Elasticsearch cluster / nodes / shards conf


(Thiago) #1

Hi,

I need to import around 400GB of a json log file (which has about 300 million records) in order to make some searches and visualization using kibana.
I did some research in order to understand how is the better config setup for large cases as it is, but I would like some help.
I am planning to using only one server for that.

Thanks


#2

You should be able to start Elasticsearch and Kibana with default settings.

To ship the JSON to Elasticsearch you can use Logstash or Filebeat.

In Logstash you would use a file input and Elasticsearch output.

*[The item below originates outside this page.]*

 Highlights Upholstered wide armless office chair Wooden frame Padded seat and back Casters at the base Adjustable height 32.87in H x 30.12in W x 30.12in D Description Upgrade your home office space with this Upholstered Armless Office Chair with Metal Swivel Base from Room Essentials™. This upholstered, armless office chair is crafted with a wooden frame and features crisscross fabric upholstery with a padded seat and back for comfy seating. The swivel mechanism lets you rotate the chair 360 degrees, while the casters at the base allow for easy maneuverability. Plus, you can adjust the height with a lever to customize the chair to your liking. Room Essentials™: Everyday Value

Or if you use Filebeat you would configure a log input and Elasticsearch output.


(Thiago) #3

Thanks @A_B.
I have a logstash conf file ready to start the import, but I was just wondering to understand better about the cluster/nodes before start - in order to avoid any crash during the export (as it is millions of records).


#4

First test with maybe 10 or 100 logs. If everything looks good, then start the "real" import :slight_smile:


(David Turner) #5

It will take some experimentation and tuning to be sure that your setup has the performance characteristics you need. You might like to try importing increasingly large subsets of your log file first to get a handle on the performance characteristics and make sure that your mappings are set up suitably for the searches you want to perform.

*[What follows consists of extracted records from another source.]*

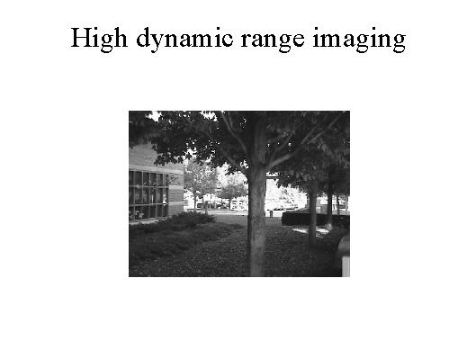 | Another thing that I described earlier was high dynamic range imaging, and again this is the picture, there is the background bright, and the foreground which is darker relatively. We would like to get sensitivity to the entire range and there are different approaches for doing it, different approaches to achieve this dynamic range. |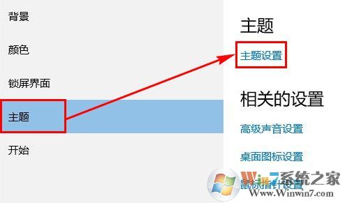 2、在打开的“设置”窗口中,选择左侧的“主题”选项,右侧点击“主题设置”,如下图所示: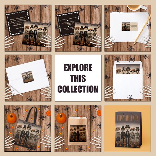 Adesivo Quadrado Família Esqueleto Feliz Dia das Bruxas

If the index will eventually be 400GB then this article suggests you will want to split it into around 10-20 shards. However if you do not need all the fields to be indexed then you might find your index becomes much smaller than the source data, so you will be able to work with correspondingly fewer shards.

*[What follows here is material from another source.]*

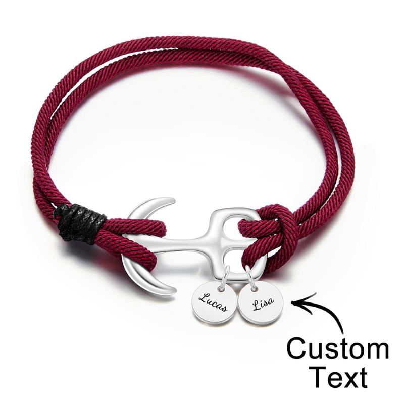 Custom Engraved Bracelet Marine Anchor Cord Bracelet Gift for Men

If your searches will be filtering on time ranges (common for searches of log data) then you might want to consider splitting the data into time-based indices rather than putting it into a single index with lots of shards. Using time-based indices will allow Elasticsearch to completely avoid searching any shards which it knows in advance do not contain any documents that match the time range specified in the search.


(system) closed #6

This topic was automatically closed 28 days after the last reply. New replies are no longer allowed.